RECORDS TO PROCESS:
- Opening Delimiter -

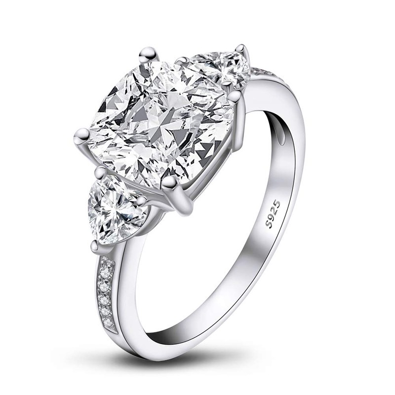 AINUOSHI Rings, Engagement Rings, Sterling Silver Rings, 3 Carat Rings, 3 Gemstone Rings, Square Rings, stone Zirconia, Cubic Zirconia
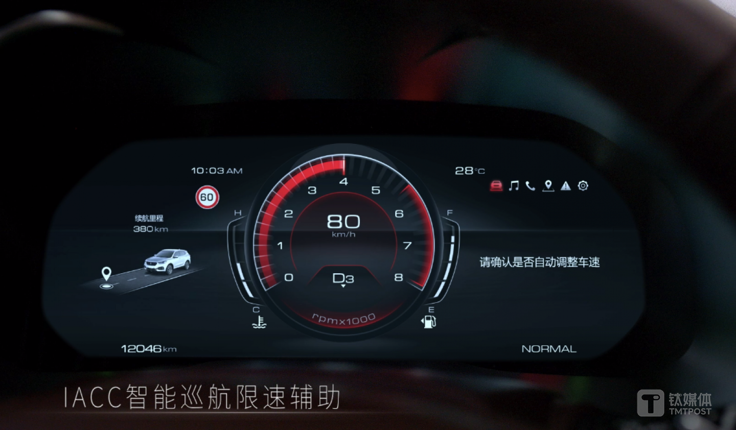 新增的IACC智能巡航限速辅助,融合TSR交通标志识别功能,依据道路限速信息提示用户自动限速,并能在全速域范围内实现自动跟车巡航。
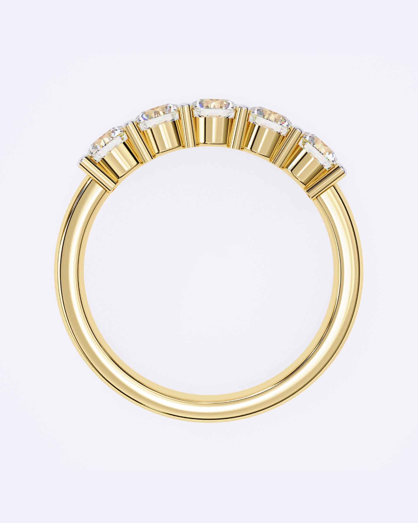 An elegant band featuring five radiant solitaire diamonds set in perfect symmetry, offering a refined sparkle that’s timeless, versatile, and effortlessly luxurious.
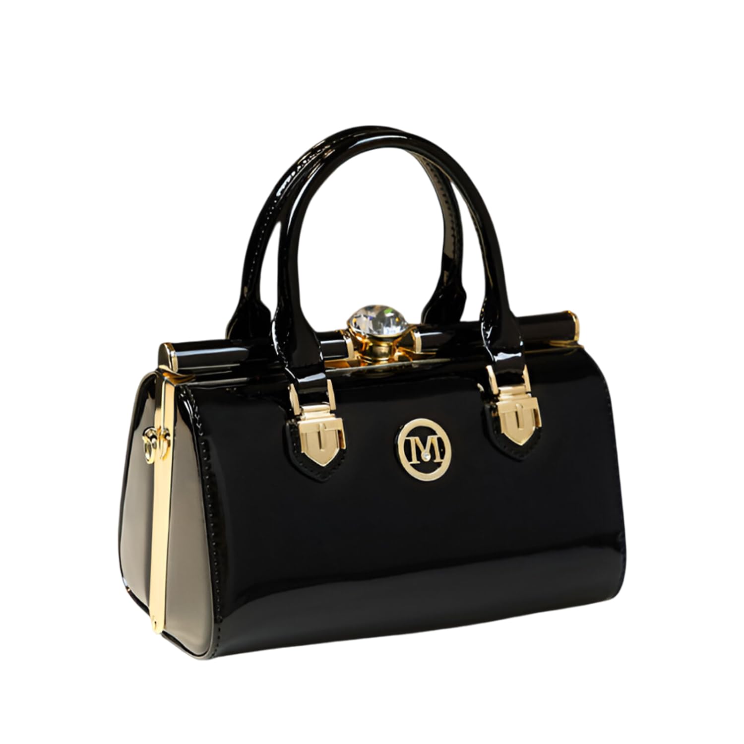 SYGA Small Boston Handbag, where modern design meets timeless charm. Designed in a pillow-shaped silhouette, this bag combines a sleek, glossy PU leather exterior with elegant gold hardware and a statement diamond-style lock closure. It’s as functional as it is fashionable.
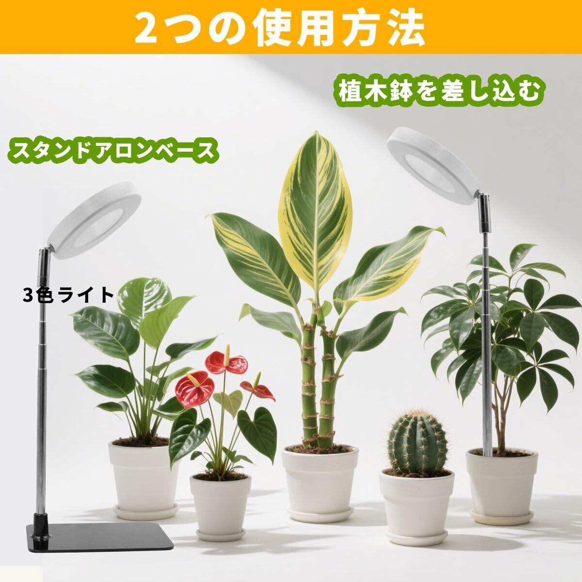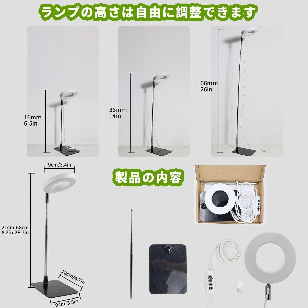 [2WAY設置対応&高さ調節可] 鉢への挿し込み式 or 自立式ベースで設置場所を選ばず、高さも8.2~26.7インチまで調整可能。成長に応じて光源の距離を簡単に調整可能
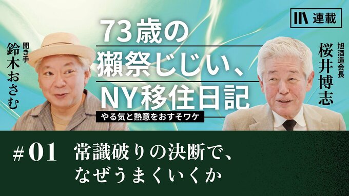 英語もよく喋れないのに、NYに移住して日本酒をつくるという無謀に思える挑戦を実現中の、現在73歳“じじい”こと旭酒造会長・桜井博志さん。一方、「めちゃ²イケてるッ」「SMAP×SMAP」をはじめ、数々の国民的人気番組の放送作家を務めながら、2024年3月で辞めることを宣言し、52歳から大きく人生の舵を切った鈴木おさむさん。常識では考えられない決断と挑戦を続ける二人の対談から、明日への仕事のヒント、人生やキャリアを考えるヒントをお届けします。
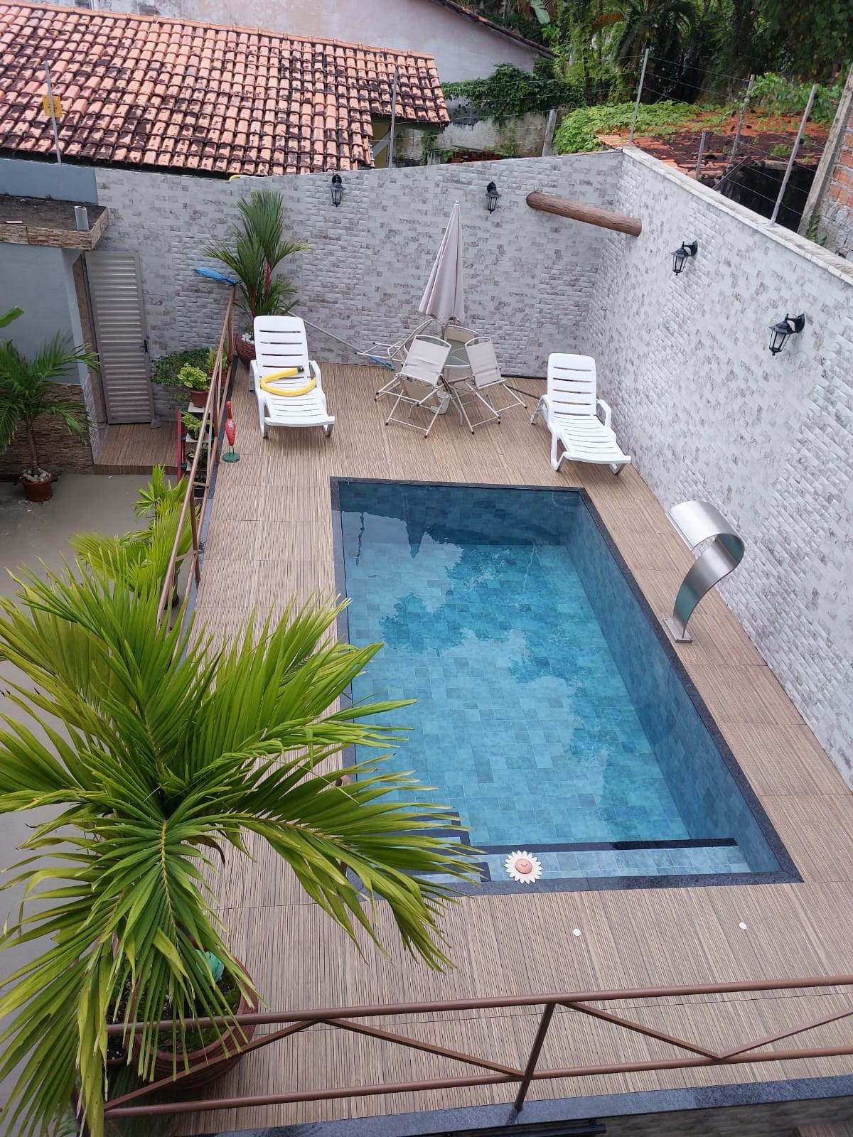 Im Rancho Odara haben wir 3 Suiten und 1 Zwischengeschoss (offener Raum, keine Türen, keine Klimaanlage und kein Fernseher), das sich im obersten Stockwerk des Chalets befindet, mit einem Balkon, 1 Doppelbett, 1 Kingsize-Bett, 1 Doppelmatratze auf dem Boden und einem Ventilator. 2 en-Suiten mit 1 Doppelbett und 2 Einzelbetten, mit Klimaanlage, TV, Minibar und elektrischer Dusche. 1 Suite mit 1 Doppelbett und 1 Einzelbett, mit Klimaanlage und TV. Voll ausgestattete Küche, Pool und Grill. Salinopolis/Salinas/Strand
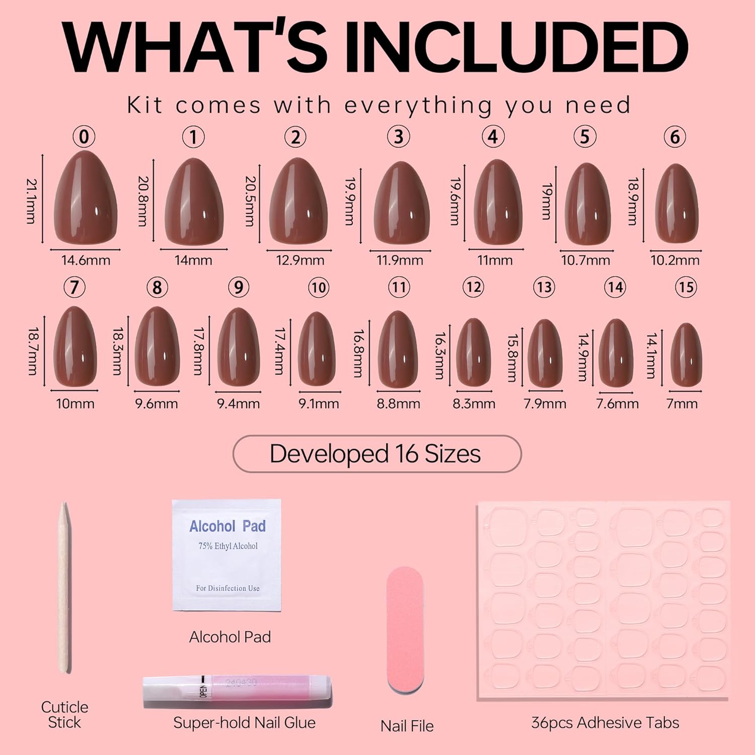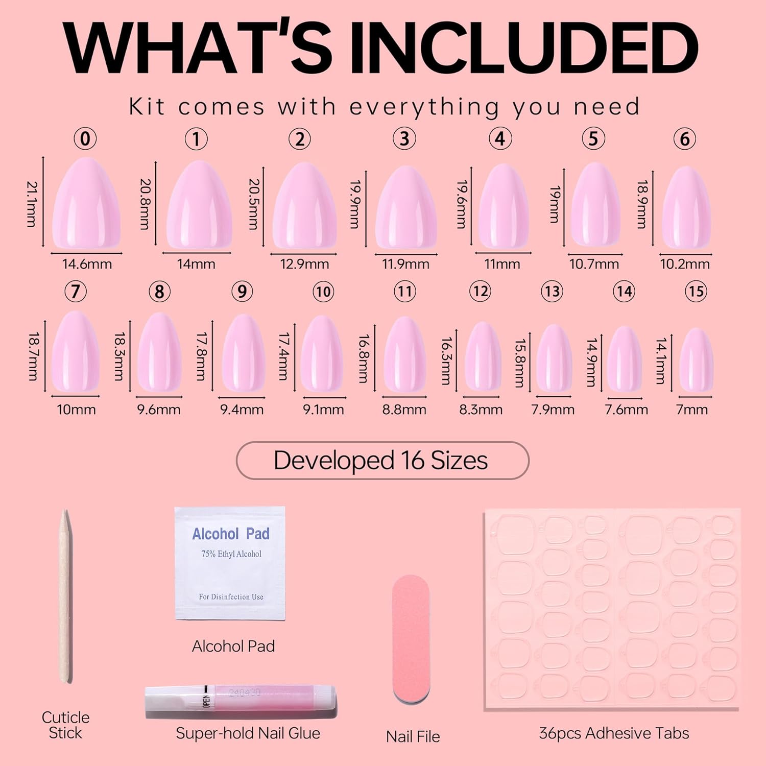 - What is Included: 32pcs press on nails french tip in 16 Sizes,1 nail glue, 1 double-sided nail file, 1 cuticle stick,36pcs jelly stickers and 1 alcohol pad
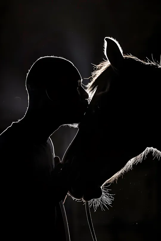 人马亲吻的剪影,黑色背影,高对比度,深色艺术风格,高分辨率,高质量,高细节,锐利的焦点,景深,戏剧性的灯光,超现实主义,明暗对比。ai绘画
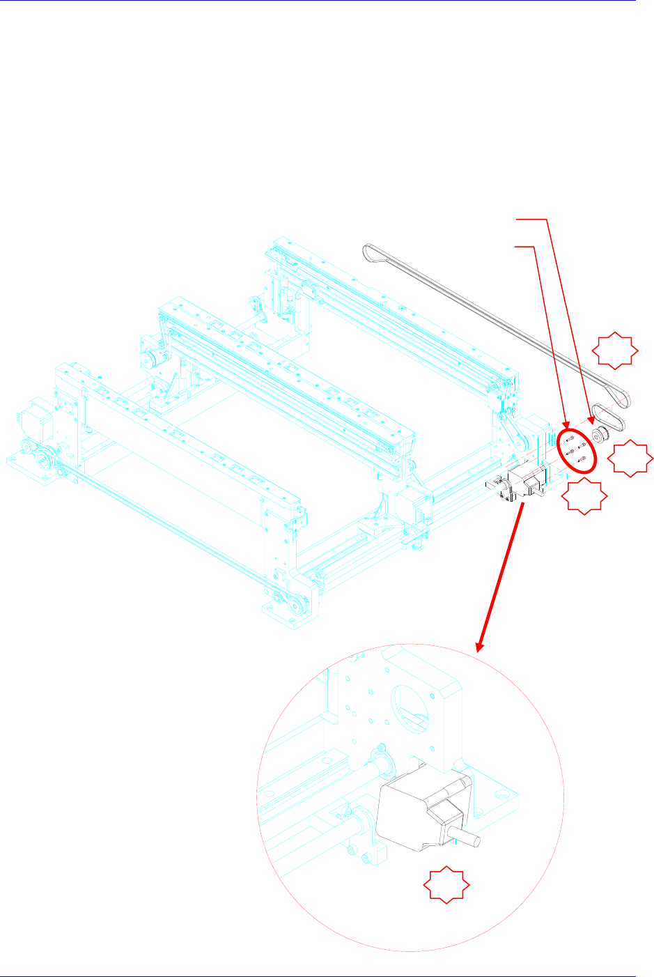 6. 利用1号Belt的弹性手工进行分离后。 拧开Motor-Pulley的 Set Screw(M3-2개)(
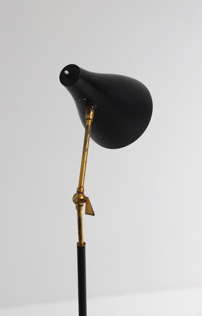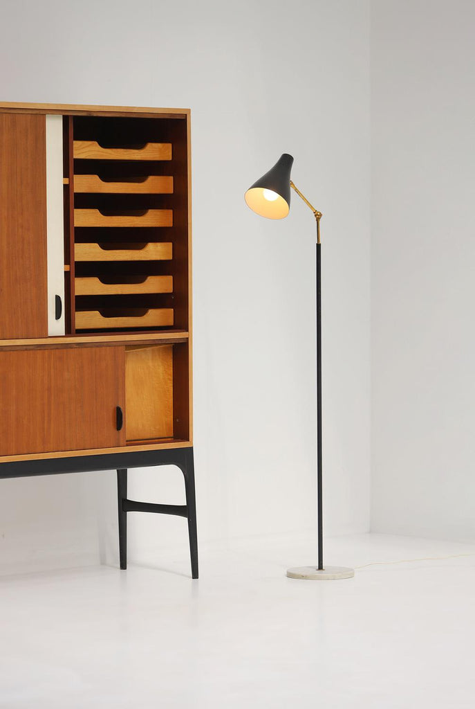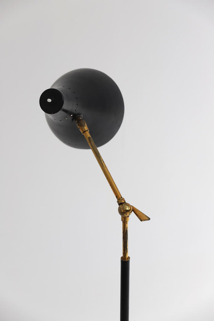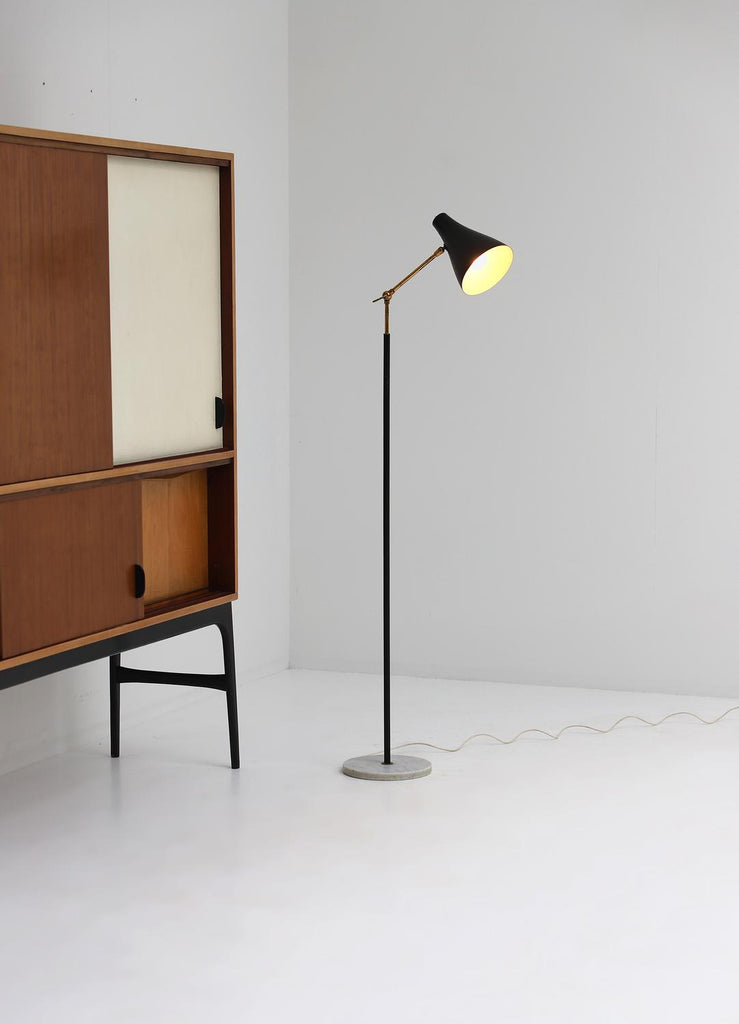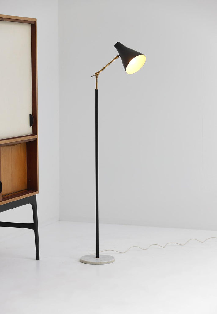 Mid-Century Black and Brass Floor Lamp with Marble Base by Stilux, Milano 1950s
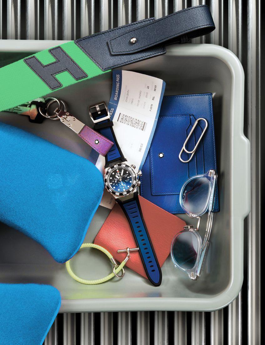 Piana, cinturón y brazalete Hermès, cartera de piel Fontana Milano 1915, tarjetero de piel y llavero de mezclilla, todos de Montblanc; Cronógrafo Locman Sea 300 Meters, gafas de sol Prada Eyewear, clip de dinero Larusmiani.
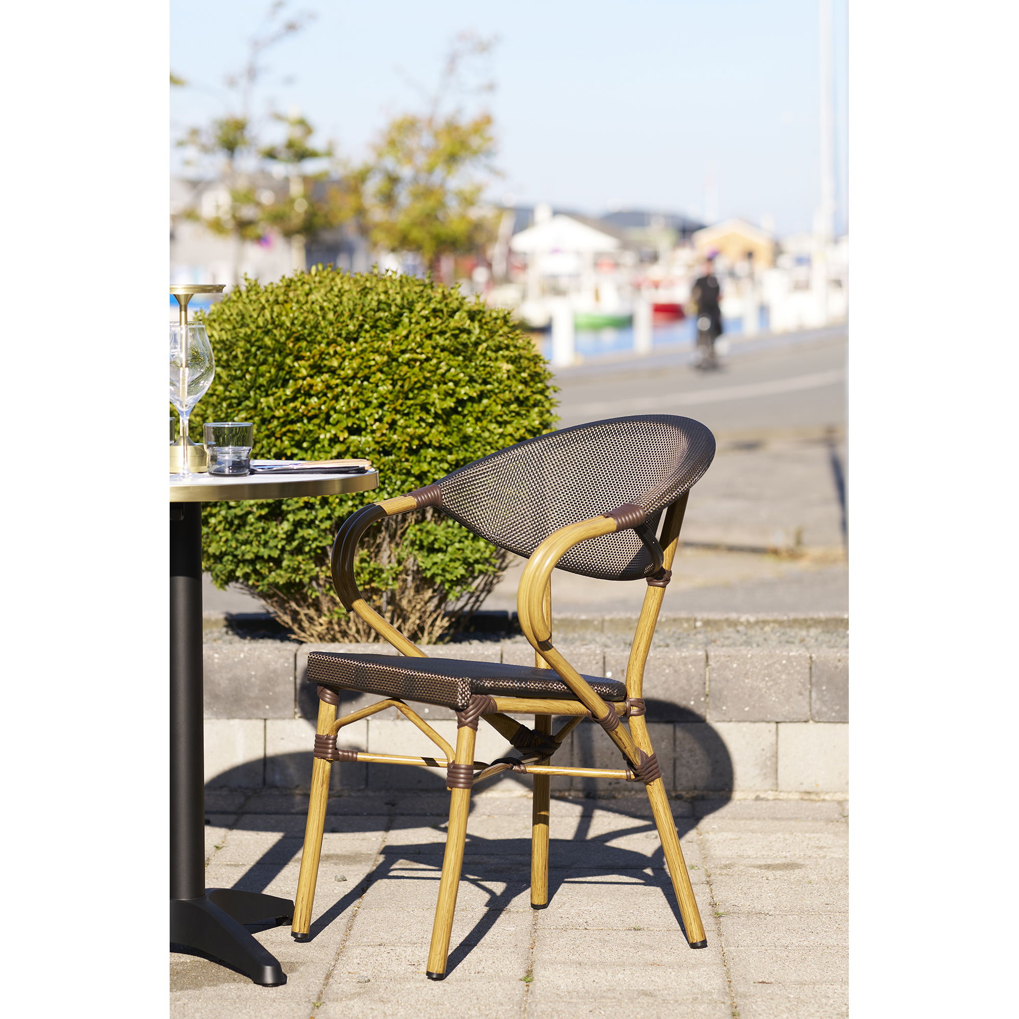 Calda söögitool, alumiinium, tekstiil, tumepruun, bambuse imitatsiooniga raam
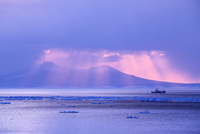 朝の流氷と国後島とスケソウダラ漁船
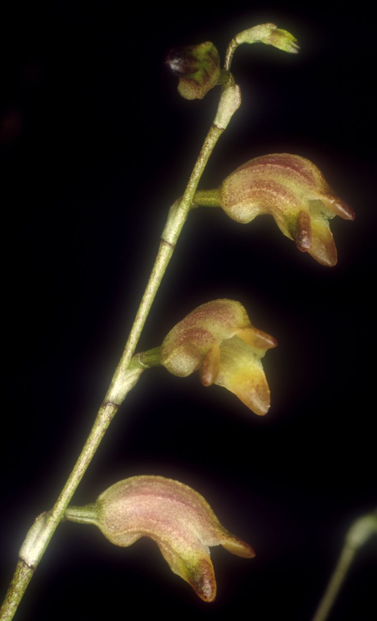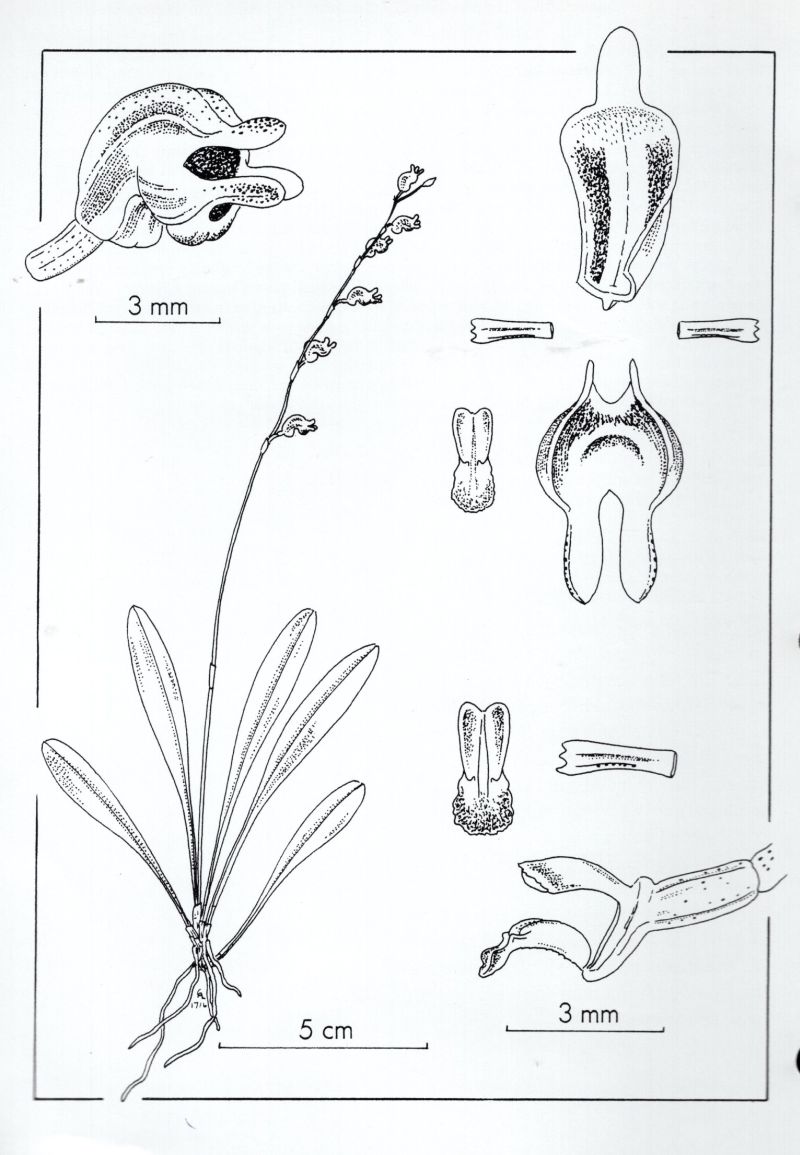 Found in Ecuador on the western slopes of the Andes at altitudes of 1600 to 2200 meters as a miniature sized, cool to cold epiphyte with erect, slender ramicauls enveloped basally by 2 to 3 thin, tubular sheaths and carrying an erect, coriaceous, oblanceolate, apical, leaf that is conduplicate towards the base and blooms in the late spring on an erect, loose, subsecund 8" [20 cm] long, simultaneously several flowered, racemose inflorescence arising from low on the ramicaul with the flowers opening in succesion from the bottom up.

- Closing Delimiter -

AIM OF THE EXERCISE: Once the line with "Piana, cinturón y" is found above, print it and every line after it through the line with "朝の流氷と国後島とスケソウダラ漁船", exactly. Pictures stay out.

EXERCISE SOLUTION:
 Piana, cinturón y brazalete Hermès, cartera de piel Fontana Milano 1915, tarjetero de piel y llavero de mezclilla, todos de Montblanc; Cronógrafo Locman Sea 300 Meters, gafas de sol Prada Eyewear, clip de dinero Larusmiani.
 Calda söögitool, alumiinium, tekstiil, tumepruun, bambuse imitatsiooniga raam
 朝の流氷と国後島とスケソウダラ漁船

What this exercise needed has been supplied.